RECORD SET.

= = = =

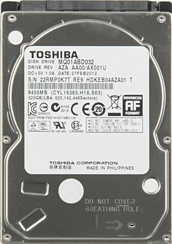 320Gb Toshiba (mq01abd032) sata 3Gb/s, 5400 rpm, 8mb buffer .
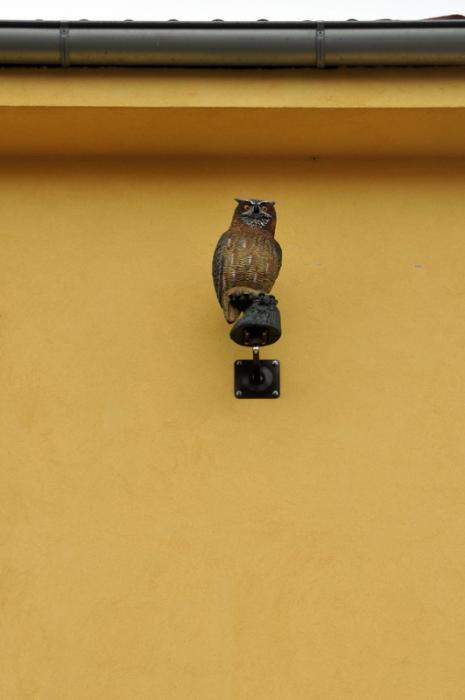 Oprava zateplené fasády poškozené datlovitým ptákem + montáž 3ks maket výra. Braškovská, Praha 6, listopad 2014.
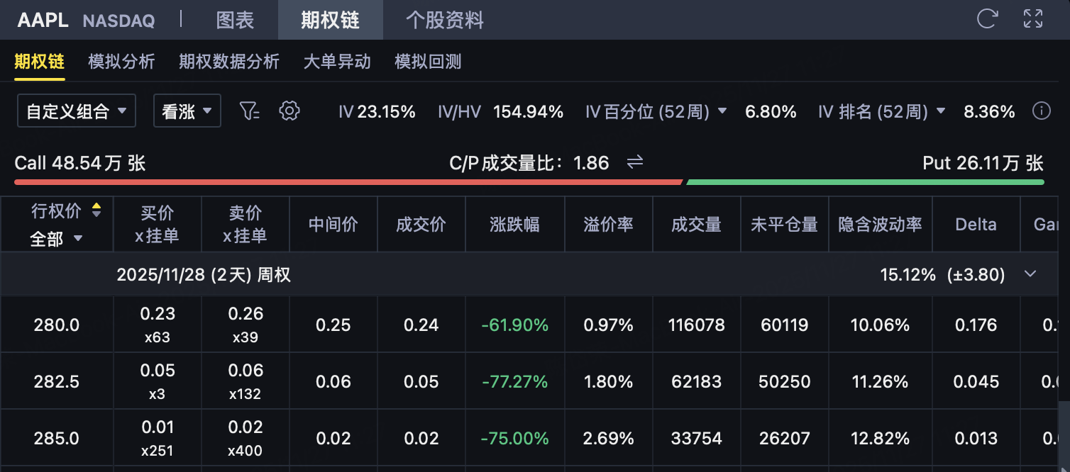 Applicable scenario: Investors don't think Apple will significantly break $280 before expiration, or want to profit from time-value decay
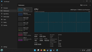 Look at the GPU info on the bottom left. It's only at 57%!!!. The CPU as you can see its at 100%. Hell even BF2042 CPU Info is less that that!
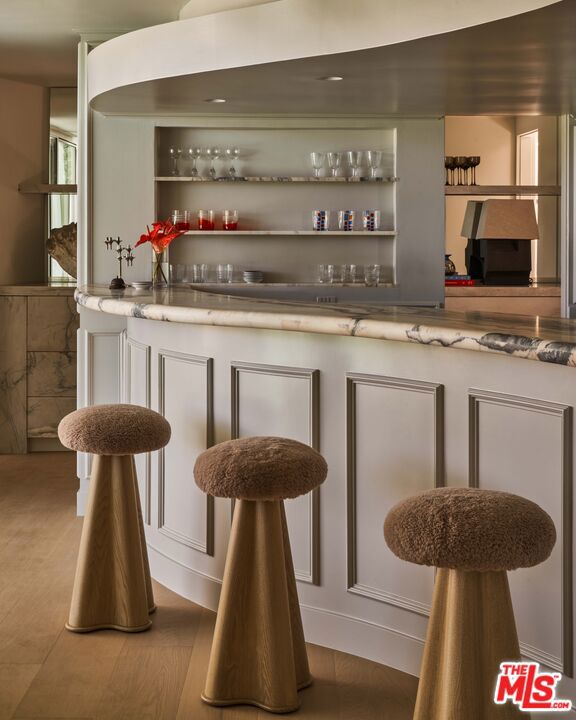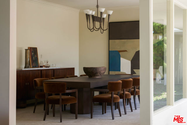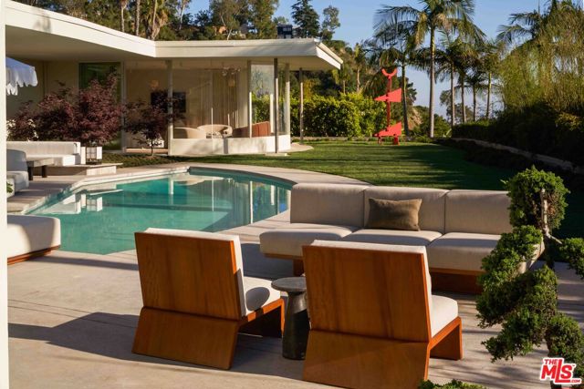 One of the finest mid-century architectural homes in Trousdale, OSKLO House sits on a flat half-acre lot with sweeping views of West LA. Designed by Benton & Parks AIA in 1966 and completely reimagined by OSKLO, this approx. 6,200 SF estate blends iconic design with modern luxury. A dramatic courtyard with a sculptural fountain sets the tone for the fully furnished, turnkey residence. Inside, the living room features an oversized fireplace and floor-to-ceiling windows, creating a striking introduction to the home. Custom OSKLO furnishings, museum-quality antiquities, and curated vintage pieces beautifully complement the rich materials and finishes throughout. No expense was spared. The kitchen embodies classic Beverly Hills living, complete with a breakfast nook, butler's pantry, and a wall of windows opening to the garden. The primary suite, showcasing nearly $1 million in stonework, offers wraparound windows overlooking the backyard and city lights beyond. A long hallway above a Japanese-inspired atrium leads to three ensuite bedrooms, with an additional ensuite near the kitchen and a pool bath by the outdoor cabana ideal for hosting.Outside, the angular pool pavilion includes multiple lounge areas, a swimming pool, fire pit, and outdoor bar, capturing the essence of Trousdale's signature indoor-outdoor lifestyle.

= = = =

ACTIVITY. Write out, word for word, the lines from the start of the data through the one holding "Look at the". Omit pictures.

ANSWER BOX.
 320Gb Toshiba (mq01abd032) sata 3Gb/s, 5400 rpm, 8mb buffer .
 Oprava zateplené fasády poškozené datlovitým ptákem + montáž 3ks maket výra. Braškovská, Praha 6, listopad 2014.
 Applicable scenario: Investors don't think Apple will significantly break $280 before expiration, or want to profit from time-value decay
 Look at the GPU info on the bottom left. It's only at 57%!!!. The CPU as you can see its at 100%. Hell even BF2042 CPU Info is less that that!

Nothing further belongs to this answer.